Full example on how to report a Bayesian regression analysis

Author

Stefano Coretta

Warning

This is an example of how to report a Bayesian regression analysis. It is in the shape of an academic paper, but several sections and figures that would normally appear in a standard article are omitted here given the focus is on how to report the regression analysis.

This article is on a fictitious study of a subset of the MALD data (Tucker et al. 2019). The data contains reaction times and accuracy from an auditory lexical decision task in English. Here we consider only the reaction times data.

The code used for modelling, plotting and tables can be viewed by expanding the Code blocks (click on the triangle next to Code).

1 Research questions

This study sets out to answer the following questions:

  1. Does the lexical status of the word affect reaction times?

  2. Does the mean phone-level Levenshtein distance affect reaction times?

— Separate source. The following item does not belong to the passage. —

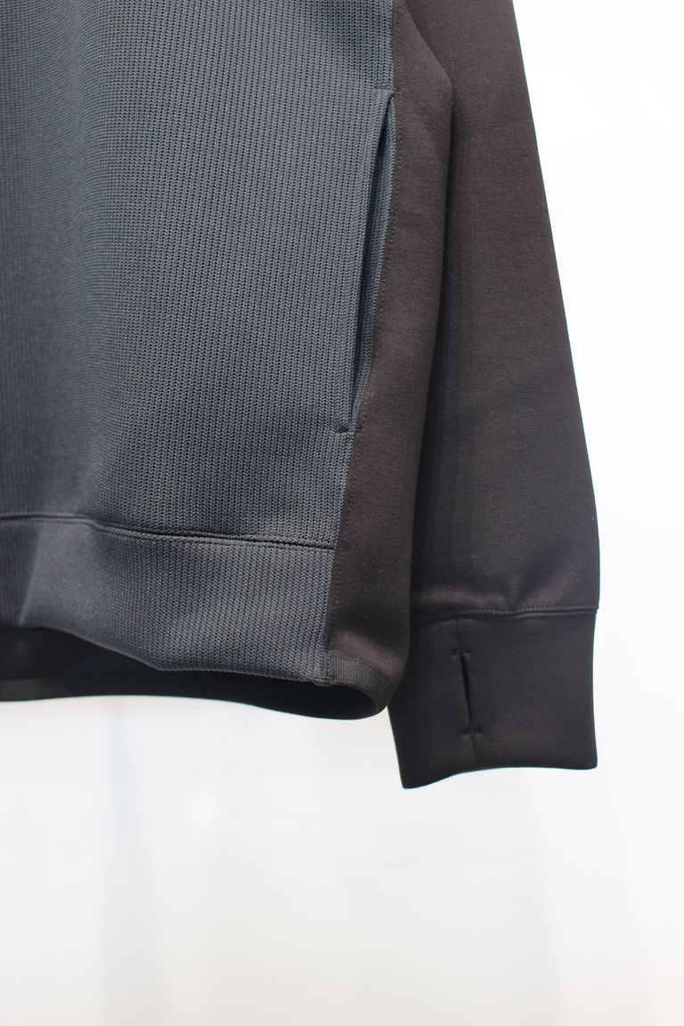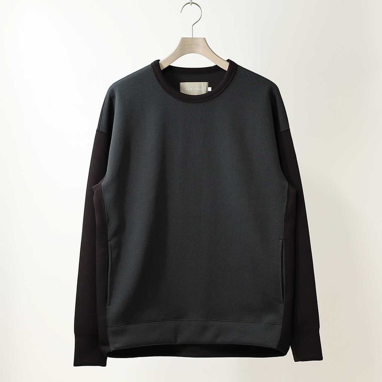 フロント部分に異素材ニットを使用したダンボールニットのクルーネックプルオーバー。ポリエステルをベースにレーヨンとポリウレタンが高混率された、柔らかく優しいダンボール素材は、適度なシルエットを保ちつつもストレスフリーな着心地をもたらしてくれます。前身頃のみにストライプ畝のニット見えする同系色のクォーターゲージニットを使用し、リラックス感の中にも凛とした表情を見せてくれます。シルエットは適度なゆとりを持つオーセンティックなバランス。ウエスト部分にはシームポケット有り。袖口にサムホール付き。

  3. Does the effect of mean phone-level distance on reaction times differ depending on the lexical status?

2 Results

Code
library(tidyverse)
theme_set(theme_light())
library(brms)
library(posterior)
library(ggdist)

In order to answer the research questions presented in Section 1, we fitted a Bayesian regression model with brms (Bürkner 2017, 2018) in R version 4.5.0 (R Core Team 2025). The model was first run with four MCMC chains and 2000 iterations, of which 1000 for warm-up. Since the resulting estimated sample size (ESS) was flagged by brms as too low, we refitted the model by increasing the number of iterations to 4000 (of which 2000 for warm-up). The model fully converged with \(\hat{R}\) values of approximately 1 and sufficient ESS.

Code
mald <- readRDS("data/mald.rds") |> 
  mutate(
    PhonLev_c = PhonLev - mean(PhonLev)
  )

# Model with iter = 2000 gave warning of low ESS. Fit with iter = 4000.

rt_full <- brm(
  RT ~ 0 + IsWord + IsWord:PhonLev_c +
    (0 + IsWord + IsWord:PhonLev_c | Subject),
  family = lognormal,
  data = mald,
  cores = 4,
  iter = 4000,
  seed = 7238,
  file = "data/cache/rt_full.rds"
)

The model structure was the following: we used a log-normal distribution for the outcome variable, i.e. the reaction times (RTs). A log-normal distribution is a standard distribution for numeric variables that are bounded to positive values only, like reaction times (see e.g. Rosen 2005). We included the following predictors: lexical status of the target word (real vs nonce) and mean phone-level Levenshtein distance of the target word (range approx. 5-14). The lexical status predictor was coded using indexing rather than traditional contrasts (McElreath 2019) by suppressing the model’s intercept with the 0 + syntax in the model’s formula. The mean phone-level distance was centered by subtracting the grand mean of the mean phone-level distance. An interaction between lexical status and phone-level distance was also included. Furthermore, we included varying terms (aka random terms, see Gelman 2005) by subject for lexical status, phone-level distance and the interaction between the two. We did not include by-word varying terms since the majority of data is from distinct words (the exceptions are 130 words of 2867 which have two or three observations in total, rather than one). We used the brms default priors. Table 1 reports the mean, standard deviation and lower and upper limits of the 95% Credible Interval (CrI) for the model’s coefficients in logs and log-odds (which is the scale returned by log-normal regressions). For ease of interpretation, we will also convert estimands to odds and milliseconds where relevant.

Code
fixef(rt_full) |> 
  as_tibble(rownames = "coefficient") |>
  rename(mean = Estimate, SD = Est.Error, lower = Q2.5, upper = Q97.5) |> 
  knitr::kable(digits = 2)
Table 1: Posterior summaries of the model’s coefficients (logs), with 95% Credible Intervals (lower and upper limits).
coefficient mean SD lower upper
IsWordTRUE 6.85 0.02 6.82 6.88
IsWordFALSE 6.97 0.02 6.92 7.01
IsWordTRUE:PhonLev_c 0.03 0.01 0.02 0.04
IsWordFALSE:PhonLev_c 0.02 0.01 0.01 0.03
Code
rt_full_draws <- as_draws_df(rt_full) |> 
  mutate(
    isword_diff = exp(`b_IsWordFALSE`) - exp(`b_IsWordTRUE`),
    dist_diff = `b_IsWordFALSE:PhonLev_c` - `b_IsWordTRUE:PhonLev_c`
  )

round(quantile2(rt_full_draws$isword_diff))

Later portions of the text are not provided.